▶ _Prompt_
Transcribe all the entries word for word, skipping the pictures.

▶ _Stored data_

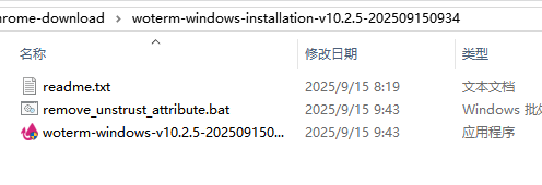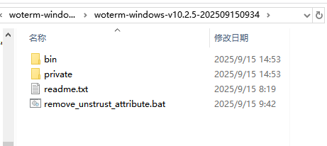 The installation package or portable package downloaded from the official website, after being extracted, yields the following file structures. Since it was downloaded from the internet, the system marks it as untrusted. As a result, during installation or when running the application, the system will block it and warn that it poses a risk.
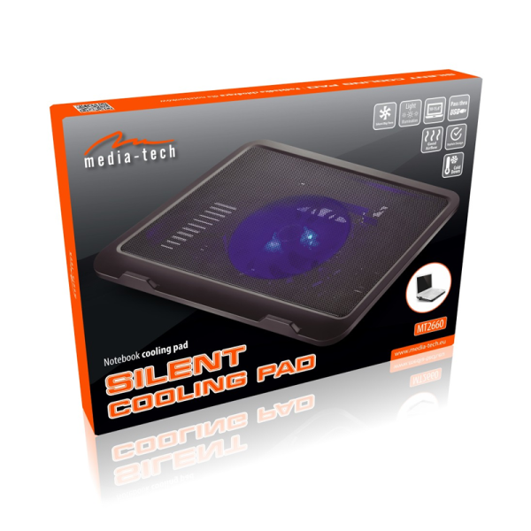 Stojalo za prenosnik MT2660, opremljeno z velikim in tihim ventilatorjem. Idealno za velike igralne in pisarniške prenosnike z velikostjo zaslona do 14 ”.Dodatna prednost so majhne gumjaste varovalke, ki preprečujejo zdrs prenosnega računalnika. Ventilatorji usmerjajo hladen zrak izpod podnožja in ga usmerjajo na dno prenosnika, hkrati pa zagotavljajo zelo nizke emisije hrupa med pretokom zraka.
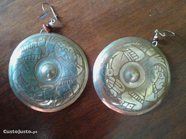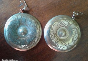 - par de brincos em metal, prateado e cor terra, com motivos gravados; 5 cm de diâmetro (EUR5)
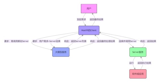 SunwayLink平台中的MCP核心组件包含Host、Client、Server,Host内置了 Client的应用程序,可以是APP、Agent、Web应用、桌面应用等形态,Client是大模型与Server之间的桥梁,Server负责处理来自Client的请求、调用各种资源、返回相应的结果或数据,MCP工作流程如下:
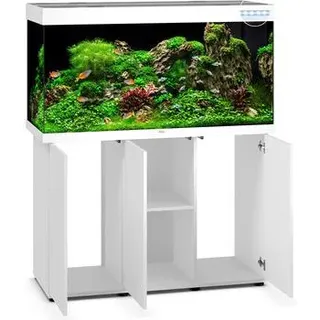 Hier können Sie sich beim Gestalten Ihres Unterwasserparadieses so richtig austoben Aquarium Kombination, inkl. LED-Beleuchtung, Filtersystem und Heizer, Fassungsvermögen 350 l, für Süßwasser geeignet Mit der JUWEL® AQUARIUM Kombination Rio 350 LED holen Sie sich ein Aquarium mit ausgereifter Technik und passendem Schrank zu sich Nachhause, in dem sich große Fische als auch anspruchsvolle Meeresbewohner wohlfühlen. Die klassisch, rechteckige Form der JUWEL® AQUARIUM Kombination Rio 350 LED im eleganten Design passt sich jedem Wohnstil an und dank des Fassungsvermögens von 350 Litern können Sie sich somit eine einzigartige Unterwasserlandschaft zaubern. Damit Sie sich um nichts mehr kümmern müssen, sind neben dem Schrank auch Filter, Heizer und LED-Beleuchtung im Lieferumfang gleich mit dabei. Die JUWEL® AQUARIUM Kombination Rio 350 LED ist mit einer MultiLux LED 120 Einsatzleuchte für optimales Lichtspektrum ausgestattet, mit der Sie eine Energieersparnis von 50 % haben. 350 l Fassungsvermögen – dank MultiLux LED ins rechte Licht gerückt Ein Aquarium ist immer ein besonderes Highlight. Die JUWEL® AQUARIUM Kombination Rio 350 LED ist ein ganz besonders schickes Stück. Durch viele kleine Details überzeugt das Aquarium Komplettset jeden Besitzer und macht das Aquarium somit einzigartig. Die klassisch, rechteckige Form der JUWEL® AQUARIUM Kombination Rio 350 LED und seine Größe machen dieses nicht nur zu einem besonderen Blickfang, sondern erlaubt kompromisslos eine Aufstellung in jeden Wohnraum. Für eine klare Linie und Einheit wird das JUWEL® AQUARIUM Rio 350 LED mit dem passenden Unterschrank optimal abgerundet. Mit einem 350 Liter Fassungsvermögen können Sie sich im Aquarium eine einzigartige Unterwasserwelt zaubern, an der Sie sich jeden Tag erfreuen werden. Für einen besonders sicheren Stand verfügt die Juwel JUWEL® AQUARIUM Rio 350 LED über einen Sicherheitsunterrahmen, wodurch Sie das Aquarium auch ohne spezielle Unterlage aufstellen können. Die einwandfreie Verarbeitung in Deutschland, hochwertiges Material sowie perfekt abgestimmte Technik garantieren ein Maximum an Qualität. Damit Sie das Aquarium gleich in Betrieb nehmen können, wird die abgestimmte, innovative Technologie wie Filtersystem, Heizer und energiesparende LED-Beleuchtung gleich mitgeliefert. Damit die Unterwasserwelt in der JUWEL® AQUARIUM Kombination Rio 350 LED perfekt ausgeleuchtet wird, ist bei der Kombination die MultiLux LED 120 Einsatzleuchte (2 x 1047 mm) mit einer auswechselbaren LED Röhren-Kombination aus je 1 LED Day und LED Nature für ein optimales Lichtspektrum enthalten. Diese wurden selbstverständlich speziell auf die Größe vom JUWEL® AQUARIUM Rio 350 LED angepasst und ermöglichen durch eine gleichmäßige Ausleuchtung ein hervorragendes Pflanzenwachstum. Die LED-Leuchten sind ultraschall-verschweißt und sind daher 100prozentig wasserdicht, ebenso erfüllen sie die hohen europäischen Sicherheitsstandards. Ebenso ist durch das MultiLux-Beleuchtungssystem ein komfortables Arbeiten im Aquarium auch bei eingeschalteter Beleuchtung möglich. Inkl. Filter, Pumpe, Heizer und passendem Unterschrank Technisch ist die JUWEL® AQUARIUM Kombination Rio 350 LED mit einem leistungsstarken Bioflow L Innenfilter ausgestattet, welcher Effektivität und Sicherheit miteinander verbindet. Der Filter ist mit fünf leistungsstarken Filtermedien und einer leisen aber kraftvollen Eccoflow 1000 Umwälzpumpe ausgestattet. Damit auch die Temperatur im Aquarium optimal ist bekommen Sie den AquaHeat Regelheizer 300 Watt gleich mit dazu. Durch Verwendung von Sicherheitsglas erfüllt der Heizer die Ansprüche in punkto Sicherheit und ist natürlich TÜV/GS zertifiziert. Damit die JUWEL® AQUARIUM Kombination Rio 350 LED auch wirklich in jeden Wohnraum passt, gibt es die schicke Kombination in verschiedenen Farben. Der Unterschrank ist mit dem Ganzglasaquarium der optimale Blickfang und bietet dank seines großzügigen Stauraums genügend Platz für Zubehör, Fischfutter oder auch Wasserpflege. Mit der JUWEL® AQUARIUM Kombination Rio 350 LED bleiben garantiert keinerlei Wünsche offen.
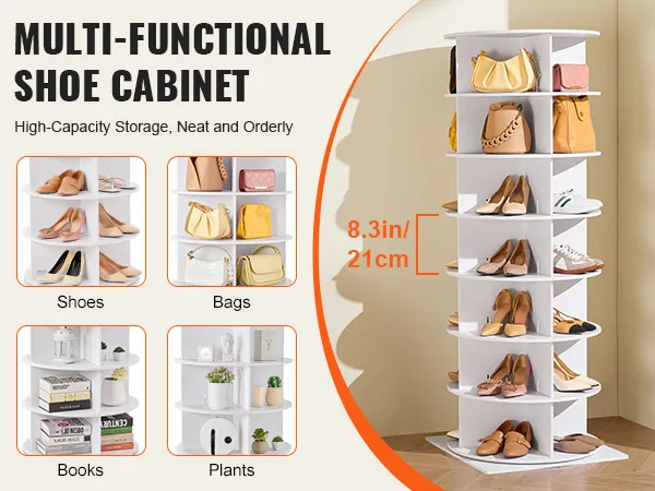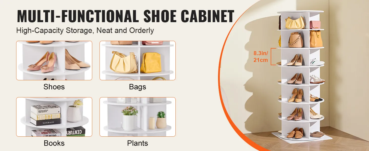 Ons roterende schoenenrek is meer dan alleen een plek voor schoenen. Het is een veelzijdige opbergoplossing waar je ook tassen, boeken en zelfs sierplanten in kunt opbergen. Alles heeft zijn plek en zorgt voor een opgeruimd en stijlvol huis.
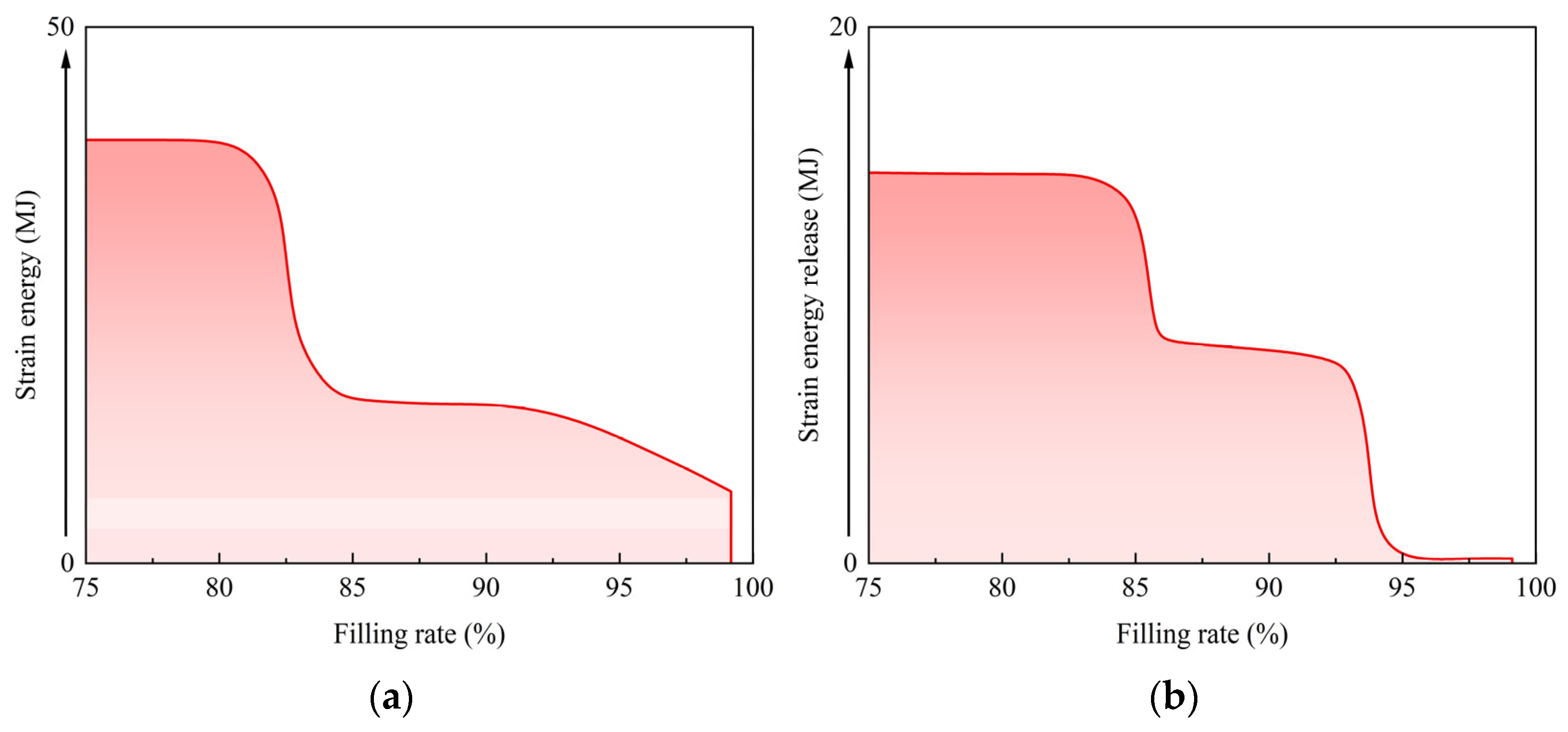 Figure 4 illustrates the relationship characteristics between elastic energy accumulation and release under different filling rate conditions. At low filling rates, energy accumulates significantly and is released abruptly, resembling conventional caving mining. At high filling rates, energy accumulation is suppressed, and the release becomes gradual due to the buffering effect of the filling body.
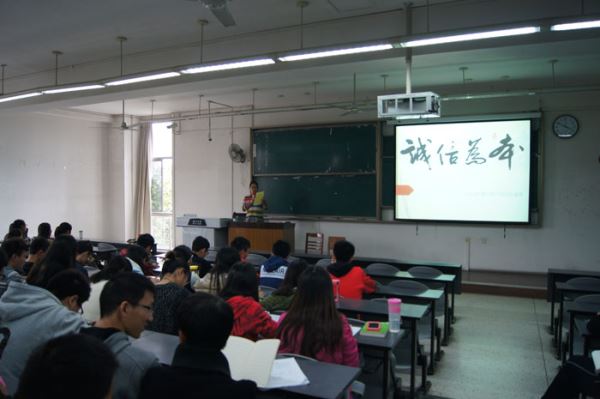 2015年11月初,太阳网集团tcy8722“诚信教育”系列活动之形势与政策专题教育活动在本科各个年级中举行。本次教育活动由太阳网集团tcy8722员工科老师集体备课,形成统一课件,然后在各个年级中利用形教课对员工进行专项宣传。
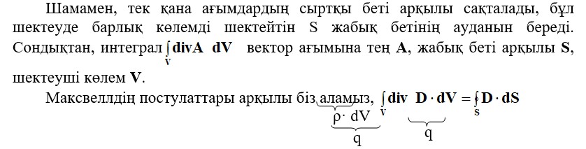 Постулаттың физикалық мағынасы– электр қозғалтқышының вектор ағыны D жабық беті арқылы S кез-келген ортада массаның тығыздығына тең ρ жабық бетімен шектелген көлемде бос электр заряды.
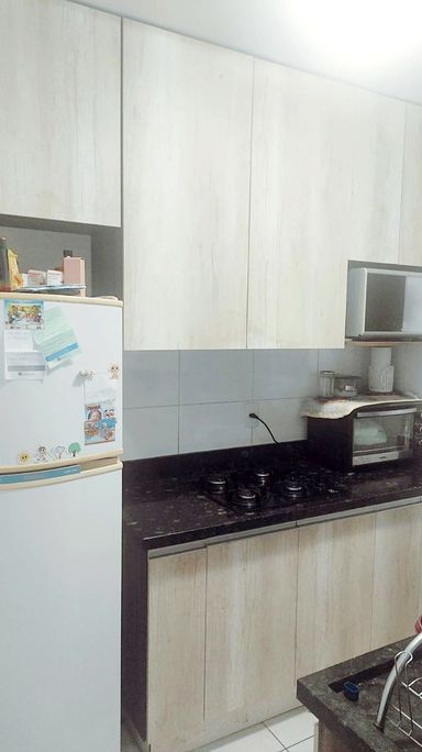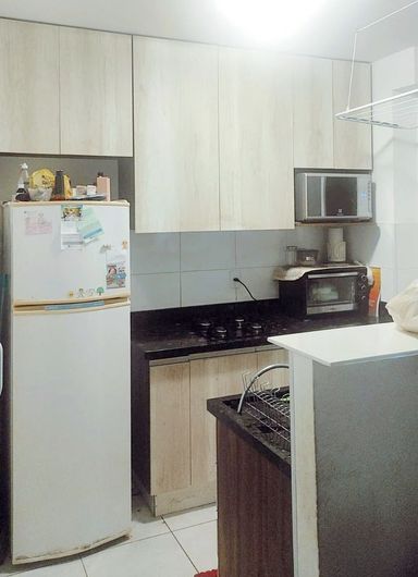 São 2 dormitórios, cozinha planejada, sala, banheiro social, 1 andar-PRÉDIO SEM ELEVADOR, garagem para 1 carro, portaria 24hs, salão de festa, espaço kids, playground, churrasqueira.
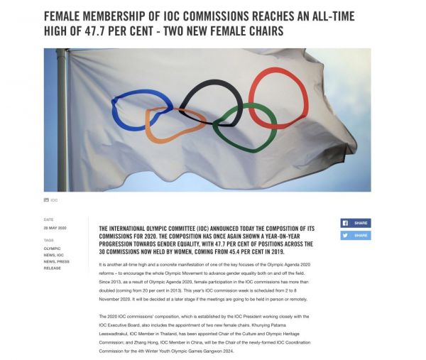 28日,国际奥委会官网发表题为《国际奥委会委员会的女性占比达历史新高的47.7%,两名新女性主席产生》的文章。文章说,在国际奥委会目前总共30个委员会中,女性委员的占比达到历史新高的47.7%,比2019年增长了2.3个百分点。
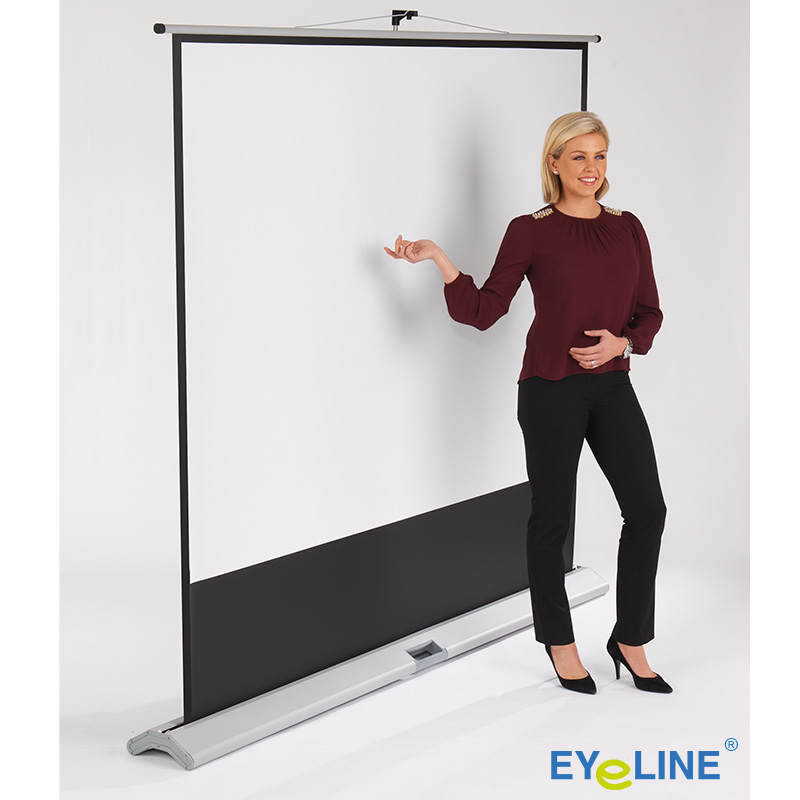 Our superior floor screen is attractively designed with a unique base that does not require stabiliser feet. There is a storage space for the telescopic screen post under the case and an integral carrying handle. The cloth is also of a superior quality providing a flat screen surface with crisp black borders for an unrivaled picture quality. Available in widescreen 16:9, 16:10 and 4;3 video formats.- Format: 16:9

▶ _Exercise output_
 The installation package or portable package downloaded from the official website, after being extracted, yields the following file structures. Since it was downloaded from the internet, the system marks it as untrusted. As a result, during installation or when running the application, the system will block it and warn that it poses a risk.
 Stojalo za prenosnik MT2660, opremljeno z velikim in tihim ventilatorjem. Idealno za velike igralne in pisarniške prenosnike z velikostjo zaslona do 14 ”.Dodatna prednost so majhne gumjaste varovalke, ki preprečujejo zdrs prenosnega računalnika. Ventilatorji usmerjajo hladen zrak izpod podnožja in ga usmerjajo na dno prenosnika, hkrati pa zagotavljajo zelo nizke emisije hrupa med pretokom zraka.
 - par de brincos em metal, prateado e cor terra, com motivos gravados; 5 cm de diâmetro (EUR5)
 SunwayLink平台中的MCP核心组件包含Host、Client、Server,Host内置了 Client的应用程序,可以是APP、Agent、Web应用、桌面应用等形态,Client是大模型与Server之间的桥梁,Server负责处理来自Client的请求、调用各种资源、返回相应的结果或数据,MCP工作流程如下:
 Hier können Sie sich beim Gestalten Ihres Unterwasserparadieses so richtig austoben Aquarium Kombination, inkl. LED-Beleuchtung, Filtersystem und Heizer, Fassungsvermögen 350 l, für Süßwasser geeignet Mit der JUWEL® AQUARIUM Kombination Rio 350 LED holen Sie sich ein Aquarium mit ausgereifter Technik und passendem Schrank zu sich Nachhause, in dem sich große Fische als auch anspruchsvolle Meeresbewohner wohlfühlen. Die klassisch, rechteckige Form der JUWEL® AQUARIUM Kombination Rio 350 LED im eleganten Design passt sich jedem Wohnstil an und dank des Fassungsvermögens von 350 Litern können Sie sich somit eine einzigartige Unterwasserlandschaft zaubern. Damit Sie sich um nichts mehr kümmern müssen, sind neben dem Schrank auch Filter, Heizer und LED-Beleuchtung im Lieferumfang gleich mit dabei. Die JUWEL® AQUARIUM Kombination Rio 350 LED ist mit einer MultiLux LED 120 Einsatzleuchte für optimales Lichtspektrum ausgestattet, mit der Sie eine Energieersparnis von 50 % haben. 350 l Fassungsvermögen – dank MultiLux LED ins rechte Licht gerückt Ein Aquarium ist immer ein besonderes Highlight. Die JUWEL® AQUARIUM Kombination Rio 350 LED ist ein ganz besonders schickes Stück. Durch viele kleine Details überzeugt das Aquarium Komplettset jeden Besitzer und macht das Aquarium somit einzigartig. Die klassisch, rechteckige Form der JUWEL® AQUARIUM Kombination Rio 350 LED und seine Größe machen dieses nicht nur zu einem besonderen Blickfang, sondern erlaubt kompromisslos eine Aufstellung in jeden Wohnraum. Für eine klare Linie und Einheit wird das JUWEL® AQUARIUM Rio 350 LED mit dem passenden Unterschrank optimal abgerundet. Mit einem 350 Liter Fassungsvermögen können Sie sich im Aquarium eine einzigartige Unterwasserwelt zaubern, an der Sie sich jeden Tag erfreuen werden. Für einen besonders sicheren Stand verfügt die Juwel JUWEL® AQUARIUM Rio 350 LED über einen Sicherheitsunterrahmen, wodurch Sie das Aquarium auch ohne spezielle Unterlage aufstellen können. Die einwandfreie Verarbeitung in Deutschland, hochwertiges Material sowie perfekt abgestimmte Technik garantieren ein Maximum an Qualität. Damit Sie das Aquarium gleich in Betrieb nehmen können, wird die abgestimmte, innovative Technologie wie Filtersystem, Heizer und energiesparende LED-Beleuchtung gleich mitgeliefert. Damit die Unterwasserwelt in der JUWEL® AQUARIUM Kombination Rio 350 LED perfekt ausgeleuchtet wird, ist bei der Kombination die MultiLux LED 120 Einsatzleuchte (2 x 1047 mm) mit einer auswechselbaren LED Röhren-Kombination aus je 1 LED Day und LED Nature für ein optimales Lichtspektrum enthalten. Diese wurden selbstverständlich speziell auf die Größe vom JUWEL® AQUARIUM Rio 350 LED angepasst und ermöglichen durch eine gleichmäßige Ausleuchtung ein hervorragendes Pflanzenwachstum. Die LED-Leuchten sind ultraschall-verschweißt und sind daher 100prozentig wasserdicht, ebenso erfüllen sie die hohen europäischen Sicherheitsstandards. Ebenso ist durch das MultiLux-Beleuchtungssystem ein komfortables Arbeiten im Aquarium auch bei eingeschalteter Beleuchtung möglich. Inkl. Filter, Pumpe, Heizer und passendem Unterschrank Technisch ist die JUWEL® AQUARIUM Kombination Rio 350 LED mit einem leistungsstarken Bioflow L Innenfilter ausgestattet, welcher Effektivität und Sicherheit miteinander verbindet. Der Filter ist mit fünf leistungsstarken Filtermedien und einer leisen aber kraftvollen Eccoflow 1000 Umwälzpumpe ausgestattet. Damit auch die Temperatur im Aquarium optimal ist bekommen Sie den AquaHeat Regelheizer 300 Watt gleich mit dazu. Durch Verwendung von Sicherheitsglas erfüllt der Heizer die Ansprüche in punkto Sicherheit und ist natürlich TÜV/GS zertifiziert. Damit die JUWEL® AQUARIUM Kombination Rio 350 LED auch wirklich in jeden Wohnraum passt, gibt es die schicke Kombination in verschiedenen Farben. Der Unterschrank ist mit dem Ganzglasaquarium der optimale Blickfang und bietet dank seines großzügigen Stauraums genügend Platz für Zubehör, Fischfutter oder auch Wasserpflege. Mit der JUWEL® AQUARIUM Kombination Rio 350 LED bleiben garantiert keinerlei Wünsche offen.
 Ons roterende schoenenrek is meer dan alleen een plek voor schoenen. Het is een veelzijdige opbergoplossing waar je ook tassen, boeken en zelfs sierplanten in kunt opbergen. Alles heeft zijn plek en zorgt voor een opgeruimd en stijlvol huis.
 Figure 4 illustrates the relationship characteristics between elastic energy accumulation and release under different filling rate conditions. At low filling rates, energy accumulates significantly and is released abruptly, resembling conventional caving mining. At high filling rates, energy accumulation is suppressed, and the release becomes gradual due to the buffering effect of the filling body.
 2015年11月初,太阳网集团tcy8722“诚信教育”系列活动之形势与政策专题教育活动在本科各个年级中举行。本次教育活动由太阳网集团tcy8722员工科老师集体备课,形成统一课件,然后在各个年级中利用形教课对员工进行专项宣传。
 Постулаттың физикалық мағынасы– электр қозғалтқышының вектор ағыны D жабық беті арқылы S кез-келген ортада массаның тығыздығына тең ρ жабық бетімен шектелген көлемде бос электр заряды.
 São 2 dormitórios, cozinha planejada, sala, banheiro social, 1 andar-PRÉDIO SEM ELEVADOR, garagem para 1 carro, portaria 24hs, salão de festa, espaço kids, playground, churrasqueira.
 28日,国际奥委会官网发表题为《国际奥委会委员会的女性占比达历史新高的47.7%,两名新女性主席产生》的文章。文章说,在国际奥委会目前总共30个委员会中,女性委员的占比达到历史新高的47.7%,比2019年增长了2.3个百分点。
 Our superior floor screen is attractively designed with a unique base that does not require stabiliser feet. There is a storage space for the telescopic screen post under the case and an integral carrying handle. The cloth is also of a superior quality providing a flat screen surface with crisp black borders for an unrivaled picture quality. Available in widescreen 16:9, 16:10 and 4;3 video formats.- Format: 16:9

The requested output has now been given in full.